RCT: Beta-Blocker Interruption Post-Myocardial Infarction Increases Cardiovascular Events Without Improving Quality of Life – N Engl J Med
31 Aug, 2024 | 19:04h | UTCStudy Design and Population: This multicenter, open-label, randomized, noninferiority trial included 3,698 patients across 49 sites in France. Participants had a history of myocardial infarction, a left ventricular ejection fraction of at least 40%, and had not experienced a cardiovascular event in the past six months. The study compared outcomes between patients who either interrupted or continued long-term beta-blocker therapy, with a minimum follow-up of one year.
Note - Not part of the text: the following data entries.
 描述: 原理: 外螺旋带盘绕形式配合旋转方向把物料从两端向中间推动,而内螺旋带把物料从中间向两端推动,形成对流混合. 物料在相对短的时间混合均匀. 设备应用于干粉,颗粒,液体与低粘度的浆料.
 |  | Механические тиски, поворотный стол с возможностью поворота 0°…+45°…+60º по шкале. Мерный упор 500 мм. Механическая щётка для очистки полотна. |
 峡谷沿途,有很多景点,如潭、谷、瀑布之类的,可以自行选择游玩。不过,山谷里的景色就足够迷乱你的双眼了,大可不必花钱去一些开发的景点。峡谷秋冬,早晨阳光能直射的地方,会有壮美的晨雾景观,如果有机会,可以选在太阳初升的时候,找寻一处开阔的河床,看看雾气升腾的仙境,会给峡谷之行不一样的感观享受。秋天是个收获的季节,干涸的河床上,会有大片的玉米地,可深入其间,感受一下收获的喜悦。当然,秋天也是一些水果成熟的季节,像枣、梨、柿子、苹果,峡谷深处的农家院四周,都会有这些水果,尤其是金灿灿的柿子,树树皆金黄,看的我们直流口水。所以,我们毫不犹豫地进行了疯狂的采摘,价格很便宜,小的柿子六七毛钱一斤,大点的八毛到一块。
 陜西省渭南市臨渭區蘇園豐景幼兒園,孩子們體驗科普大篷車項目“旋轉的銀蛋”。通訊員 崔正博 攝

Main Findings: Interruption of beta-blocker treatment resulted in a higher incidence of adverse cardiovascular events (23.8%) compared to continuation (21.1%), with a hazard ratio of 1.16 (95% CI, 1.01 to 1.33). The difference did not meet the criteria for noninferiority (P=0.44). Additionally, there was no significant improvement in quality of life among patients who discontinued beta-blockers.
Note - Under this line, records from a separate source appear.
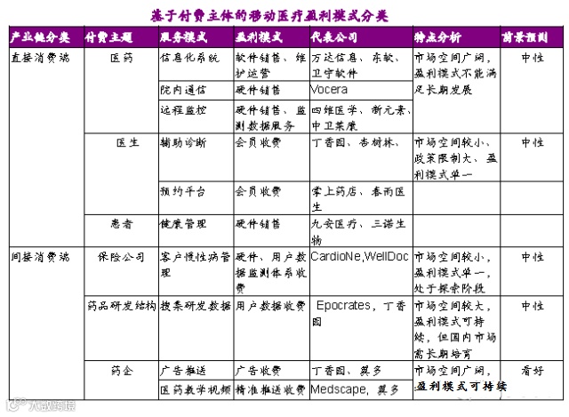 在移动医疗产业链中,核心业务参与方是资金流的主要关联对象,也就是产业链盈利的主要来源。产品/服务端通过为消费端提供设备、服务和数据,获得相应的资金收入,从而衍生出不同的盈利模式。我们认为,两大消费端可以衍生出六大盈利模式,对于直接消费端:分别面向医院、医生、患者收费;对于间接消费端:分别面向保险公司、药品研发机构、药企收费。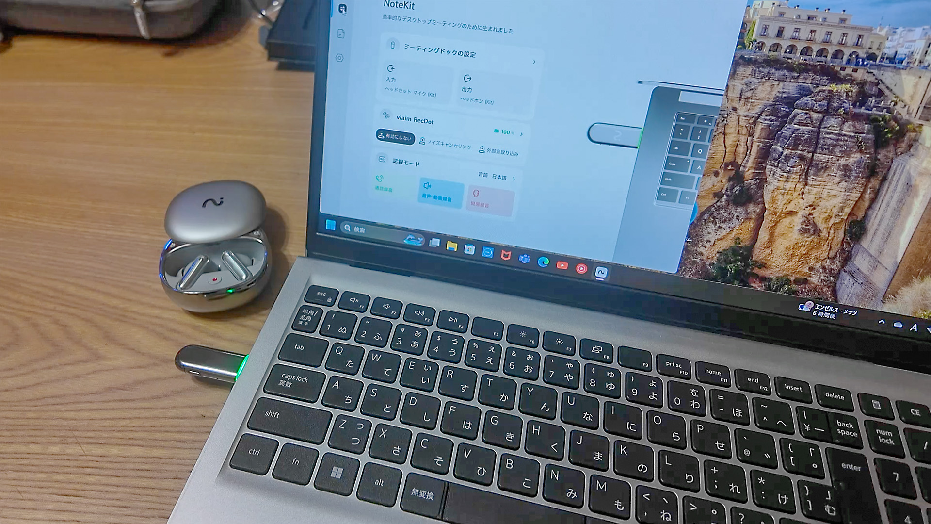 パソコンで使用するにはUSB型AIレコーダー「NoteKit」と連携します。マイクだけでなくシステム音声の入力にも対応しているので、ネット動画の字幕生成やオンラインミーティングなどでも活用できます。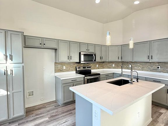 Enjoy the fresh feel throughout — newly painted inside and out, brand new carpet, and stunning new tile floors. The kitchen features a stylish island with a custom backsplash, brand new stove and dishwasher, and updated lighting throughout the home. Vaulted ceilings create a spacious, open atmosphere, while new ceiling fans and upgraded bathrooms with new toilets add the finishing touches.

Implications for Practice: The findings suggest that in patients with a history of myocardial infarction and stable cardiovascular health, continuing beta-blocker therapy is preferable to interruption. Discontinuation may increase the risk of adverse cardiovascular outcomes without offering quality of life benefits, supporting the ongoing use of beta-blockers in this population.